Not so long ago, and not for the first time, I wrote a letter to a young man in prison. I’ll call him Devon. Wary of getting the tone wrong, failing to keep my perfectionism at bay, it took a few scrunched-and-binned attempts to scribe the right message before I settled on the final version.
My intention was not to generate a response. In my own way, it was to communicate to Devon that I am — despite our estrangement, despite having not shaken his hand for five flown-by years — still invested in his journey. So I kept it simple. I asked how he was doing, offered words of encouragement, reflected positively on memories of working with him and his friends. I made it clear that he was welcome to write back, if he felt to. The act of folding the paper, slipping it into an envelope, thumbing down a stamp and walking to post it in the letterbox felt more purposeful than a thousand emails ever could.
Devon was a leading voice in one of the first youth groups with whom I facilitated sessions as a wide-eyed youth worker. He was the smartest in the room, the most committed to speaking his truth, the first to challenge his peers on their dishonesty or disrespect. Despite excelling in our sessions at the youth club, he was excluded from several schools, not for harming anyone, but for his stubborn refusal to follow the rules. He seemed to fairly feel they were an irrelevance to his lived, concrete reality: chaotic single parenthood inside the home; attacks by rival boys and stop-and-searches by police outside of it; rational temptations to make cash-in-hand under the wing of corrupted, red-eyed elders on his estate via illicit means.
But Devon was impressively resolute to move individually, untouched by groupthink or social media hype. He rejected the common and easily-bought notion among adolescents navigating inner-city complexity that joining a gang would make him safer. When he stepped in the booth to record raps, he did so alone. He was no angel, but his approach of conviction shattered my expectations in an empowering direction. Given the circumstances, like so many boys trapped between a rock and a hard place, he faced few genuine choices to be free. I empathised with his frustrations. Now, I often think about him, and others who made those early years what they were, as having taught me vital lessons.
As I progress further into my thirties and sustain my practice as a youth worker alongside a writing career, I learn to balance as I juggle. And as time works its subtle magic, I am increasingly aware that the pool of young people who I’ve come into contact with — at the youth club or music studio, in the school classroom or over Zoom workshops — gets bigger and bigger. Due to inevitable changes in jobs, unpredictable evolutions in all our lives, and the cyclical nature of funding opportunities, only a portion of them have remained on my radar. Many of those who I connected with at the very start are themselves nearing the age that I was when we first met. It’s disorientating when I hear news about old faces and voices, in good ways and bad.

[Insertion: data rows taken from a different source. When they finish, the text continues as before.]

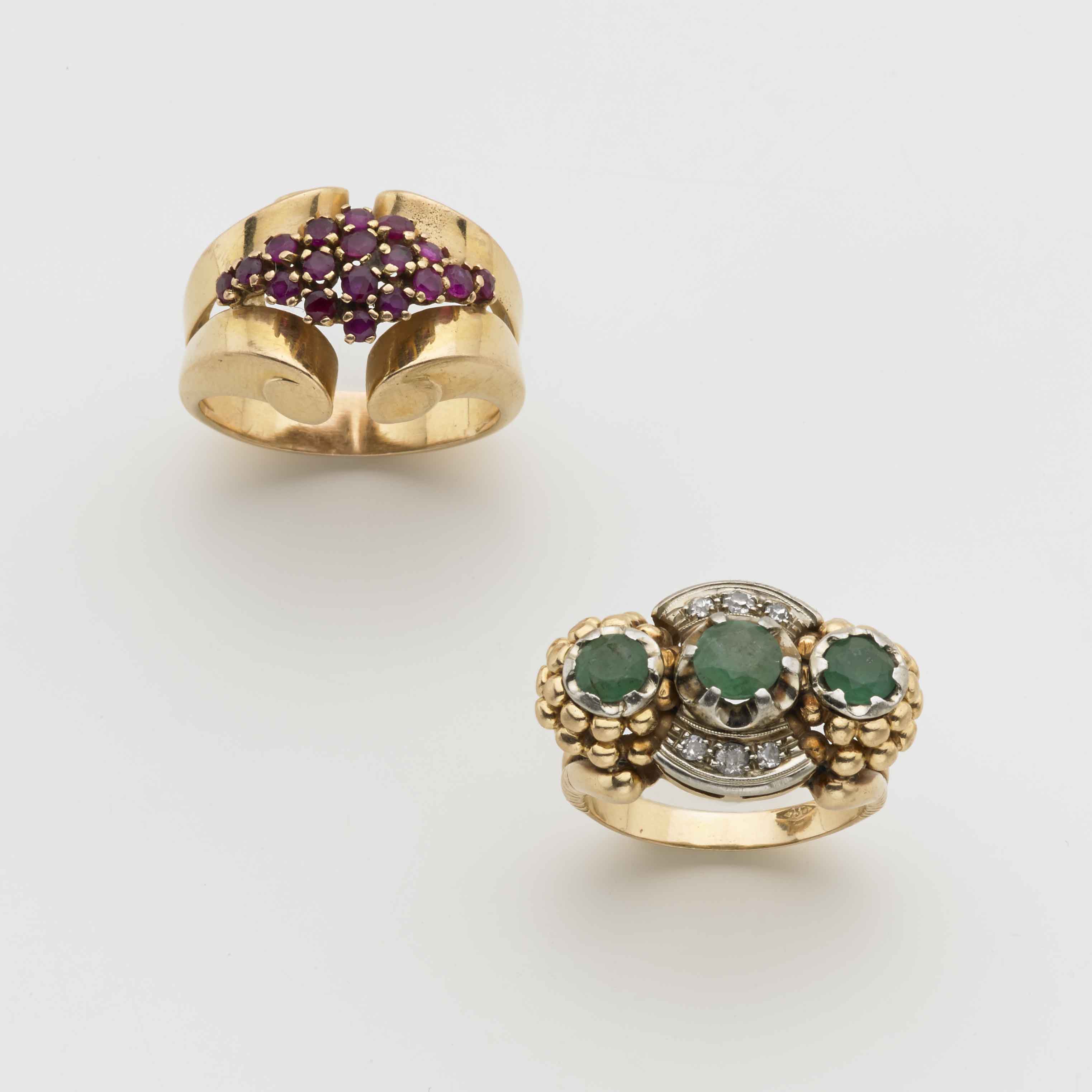 Lotto 59 | Lotto composto da due anelli, uno in oro giallo e bianco con tre smeraldi...
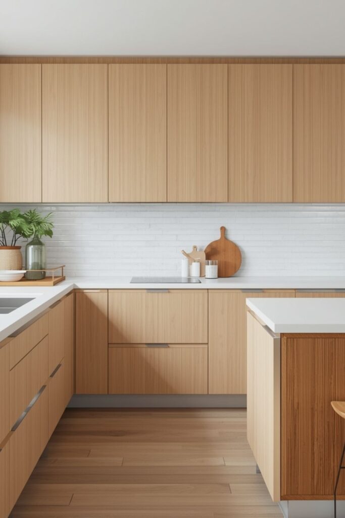 Wood cabinets pair beautifully with natural stone countertops, brushed metal fixtures, and soft ceramic backsplash tiles. Even a single wooden shelf or island panel can bring warmth into a minimalist space.
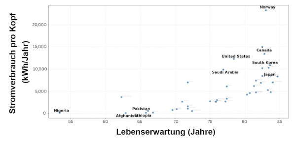 Pro-Kopf-Stromverbrauch in kWh und der Lebenserwartung in den einzelnen Ländern.
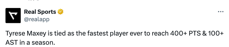 这样一来,马克西成为NBA 历史上并列最快达成单赛季400+得分100 +助攻的球员;另外本赛季马克西35+的得分场次(5次)仅次于东契奇(6次),这也是他本赛季第七次拿到30+5(助攻)的数据。
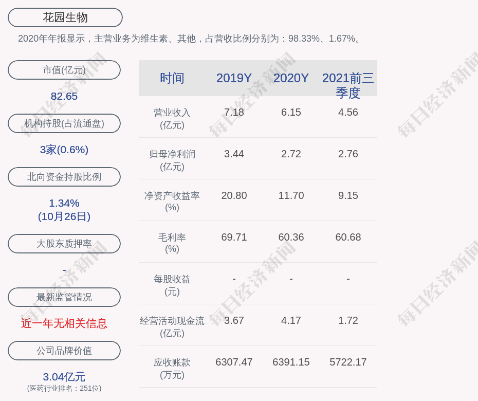 2020年年报显示,花园生物的主营业务为维生素、其他,占营收比例分别为:98.33%、1.67%。
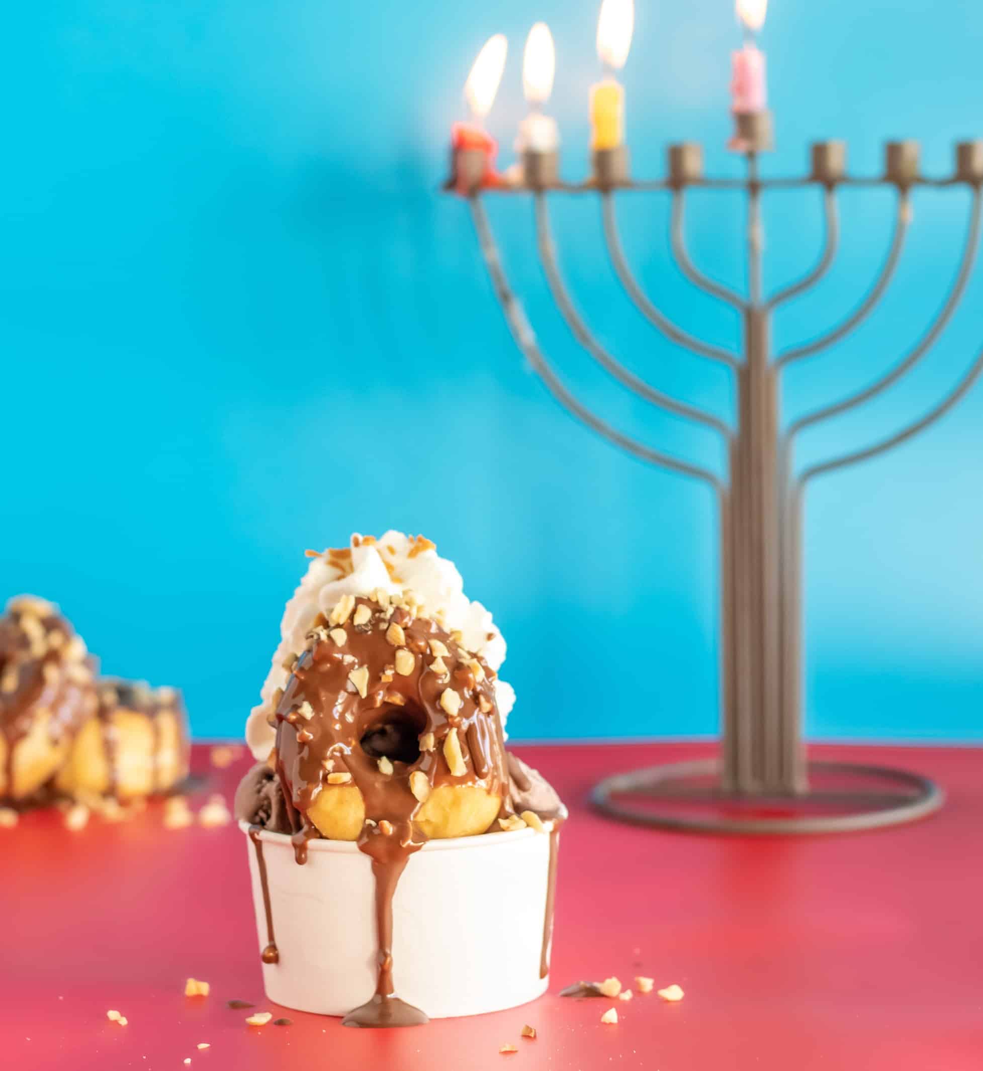 במיוחד לחנוכה גם מנה מיוחדת של דונאטס-גלידה: כדור גלידה בתוספת דונאטס, בציפוי רוטב ו-2 תוספות לבחירה ומהדורה מוגבלת של גלידת קשיו – גלידת קרם קשיו איכותית בטעם מתוק עם מליחות מעודנת ובתוספת אגוזי קשיו והמון אהבה

Devon is not the only young person in this cohort whose life has brushed with tragedy. Far from it. The number of young men who once sat in my workshops as boys who have since lost their lives prematurely — in the words of rapper Jesse James Solomon, “lost souls who got froze in time” — or who have been sent to prison — “boys who never got no food for thought and got fed time” — now number well into double figures. It’s hard not to think about how things might have gone differently.
I hear stories and gossip from those who I have managed to stay in contact with, or others I bump into. I receive a local news item forwarded to me by a former colleague on WhatsApp. I catch the odd lyric of a drill song: RIP or free so-and-so. The deeper I dive into the justice system’s murky waters as an expert witness in criminal trials, the more I keep recognising a victim or codefendant’s name tag or residential address, or a street corner, or a territorial rivalry, or an underground musical reference to the chaos of my south-of-the-Thames locality, all buried in the numbered PDF pages of a dense evidence document. And then it all starts to feel so inevitable, so overwhelming.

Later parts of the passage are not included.